(Recorded data)
★ ★ ★ ★ ★

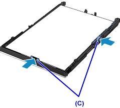 4. Вирівняйте напрямники для паперу (C) з довжиною та шириною паперу.
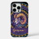Transform your phone into a statement piece with this Personalised Whimsical Aries Zodiac Dot Mandala phone case. This beautifully intricate design features a striking mandala centred around a stylised ram’s head, symbolising the bold energy of Aries. The ram’s elaborate horns and swirling patterns are showcased in a rich palette of purples, blues, and golden hues, creating an eye-catching and vibrant look. Encircling the ram is a stunning arrangement of decorative arcs, with petal-like and teardrop shapes that add a sense of elegance and traditional mandala artistry. This phone case not only protects your device but also adds a touch of sophistication and individuality to your everyday style. Customise it with your name for a unique, meaningful accessory that blends astrological symbolism with artistic beauty.
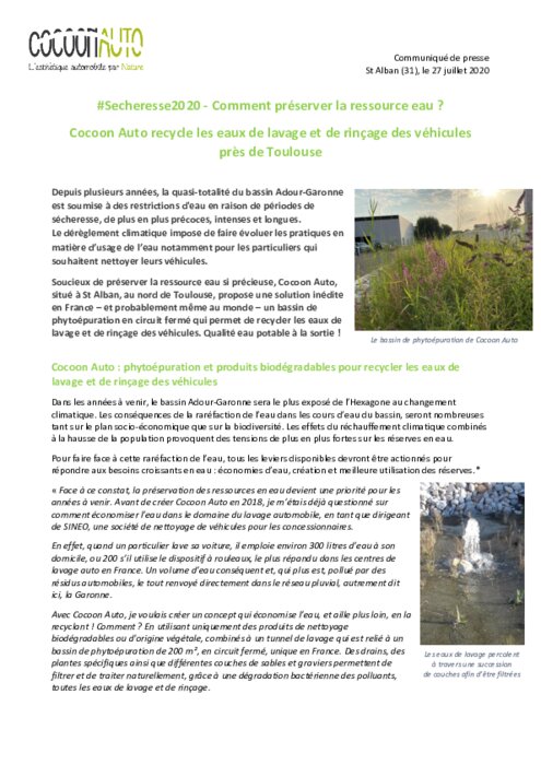 Soucieux de préserver la ressource eau si précieuse, Cocoon Auto, situé à St Alban, au nord de Toulouse, propose une solution inédite en France – et probablement même au monde – un bassin de phytoépuration en circuit fermé qui permet de recycler les eaux de lavage et de rinçage des véhicules. Qualité eau potable à la sortie !
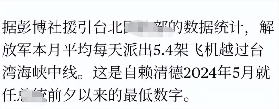 臺軍發現不對勁,解放軍戰機巡臺次數陡降,日均僅5.4架次軍機越過臺海中線,創下賴清德就任臺地區領導人以來的最低紀錄,臺媒認爲解放軍訓練方向有所轉變,只能說好戲還在後面?
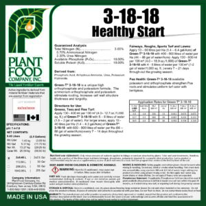 Green-T® Healthy Start XTRA 3-18-18 is a unique polyphosphate and potassium formula and excellent starter fertilizer that aides in root development and improves plant health in spring.
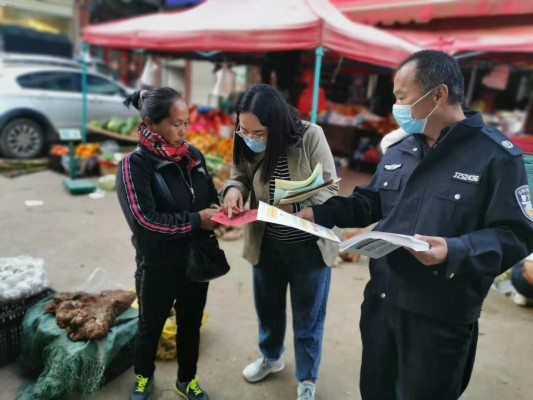 法律宣传志愿服务队深入集贸市场,为群众送去法律知识,增强群众的法律意识。

★ ★ ★ ★ ★

Repeat, exactly and in full, every entry in the data, but not the pictures.

 4. Вирівняйте напрямники для паперу (C) з довжиною та шириною паперу.
Transform your phone into a statement piece with this Personalised Whimsical Aries Zodiac Dot Mandala phone case. This beautifully intricate design features a striking mandala centred around a stylised ram’s head, symbolising the bold energy of Aries. The ram’s elaborate horns and swirling patterns are showcased in a rich palette of purples, blues, and golden hues, creating an eye-catching and vibrant look. Encircling the ram is a stunning arrangement of decorative arcs, with petal-like and teardrop shapes that add a sense of elegance and traditional mandala artistry. This phone case not only protects your device but also adds a touch of sophistication and individuality to your everyday style. Customise it with your name for a unique, meaningful accessory that blends astrological symbolism with artistic beauty.
 Soucieux de préserver la ressource eau si précieuse, Cocoon Auto, situé à St Alban, au nord de Toulouse, propose une solution inédite en France – et probablement même au monde – un bassin de phytoépuration en circuit fermé qui permet de recycler les eaux de lavage et de rinçage des véhicules. Qualité eau potable à la sortie !
 臺軍發現不對勁,解放軍戰機巡臺次數陡降,日均僅5.4架次軍機越過臺海中線,創下賴清德就任臺地區領導人以來的最低紀錄,臺媒認爲解放軍訓練方向有所轉變,只能說好戲還在後面?
 Green-T® Healthy Start XTRA 3-18-18 is a unique polyphosphate and potassium formula and excellent starter fertilizer that aides in root development and improves plant health in spring.
 法律宣传志愿服务队深入集贸市场,为群众送去法律知识,增强群众的法律意识。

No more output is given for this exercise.